In 1789, they both contributed paintings to John Boydell’s Shakespeare Gallery, a commercial exhibition space on Pall Mall which commissioned the best artists of the day to make pictures of subjects taken from Shakespeare.

This was the context for Reynolds’s fiend in The Death of Cardinal Beaufort, which appeared in that exhibition. Tellingly, Fuseli had already shown a drawing of the same subject at the Royal Academy as early as 1772, a work in which Beaufort’s own face took on a demonic look with reference to his internal possession.

By the 1780s, Shakespearean fiends were common among Boydell’s artists. George Romney (1734-1802) made several sketches of other scenes in Henry VI Parts I and II where demons are conjured up by characters, and a painting of Joan of Arc doing the same, now lost.

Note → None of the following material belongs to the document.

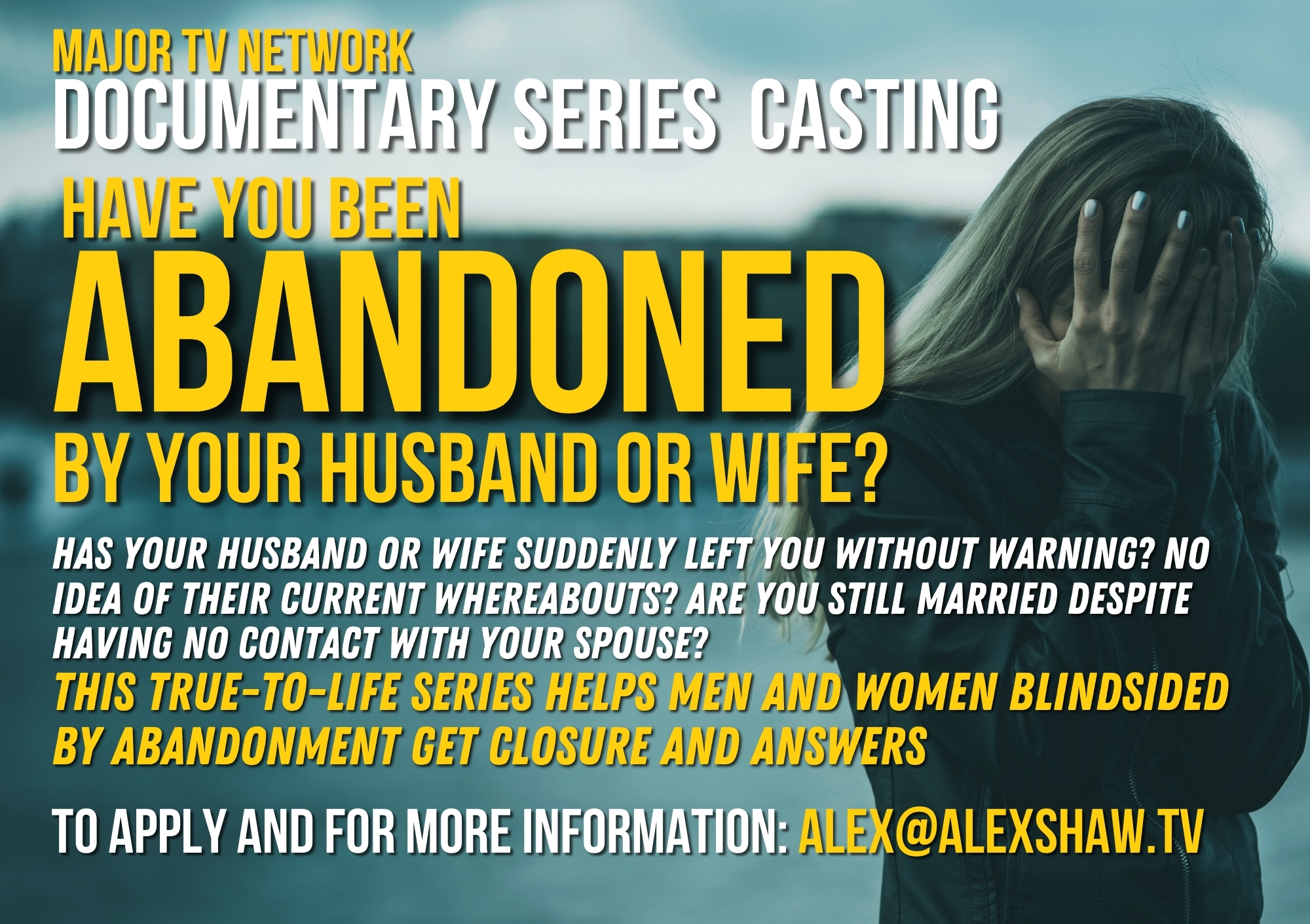Nationwide casting! Casting a documentary series for a major TV network about marital abandonment. I’m looking for married people who’s husband or wife unexpectedly left/abandoned/deserted the marriage and the other spouse has no idea where they went, where they are and has not been in touch. The series tells their story and helps them make contact to get the answers and closure that they deserve.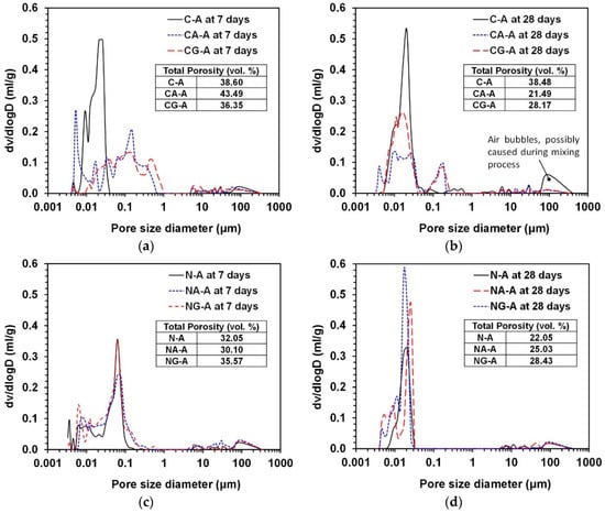 Figure 6 presents the MIP results for the samples at 7 and 28 days. The suitability of the MIP measurement method has been questioned as a valid means of evaluating a real pore size distribution in cement-based systems mainly due to the bottle-neck effect and systematical misallocation of pore sizes [34]; thus, the direct comparison between different labeled samples (e.g., CA-A vs. NG-A) using the MIP result may not be appropriate, and it may show particular inconsistencies with the interpretation of the results of strength testing, XRD, or TGA/DTG. However, the MIP results remain valuable in the current study because they allow a relative comparison of pore size distribution in each mixture proportion between 7 and 28 days.

Demons and devils visibly re-entered the art of the 18th century in the realm of satire. Here, in the monochrome print, winged or inky black devils became symbols for a host of contemporary social problems. Hogarth spoofed the religious convictions of the Methodist Church by having a little devil whisper in the ear of a sleeping congregant.

Satirist James Gillray pilloried the scourge of the 18th-century gluttonous diet, the painful condition of gout, depicting it as a sharp-toothed demon, sinking its fangs into a well-fed human foot.

Thus in 1789, the year of the French Revolution, far from losing the plot, the ageing Reynolds was part of a revolution in art that saw the demons of the imagination, so beloved of 18th-century literature, brought back vividly into the visual realm. — The Conversation via Reuters Connect

Jenny Graham is an associate professor in Art History at the University of Plymouth.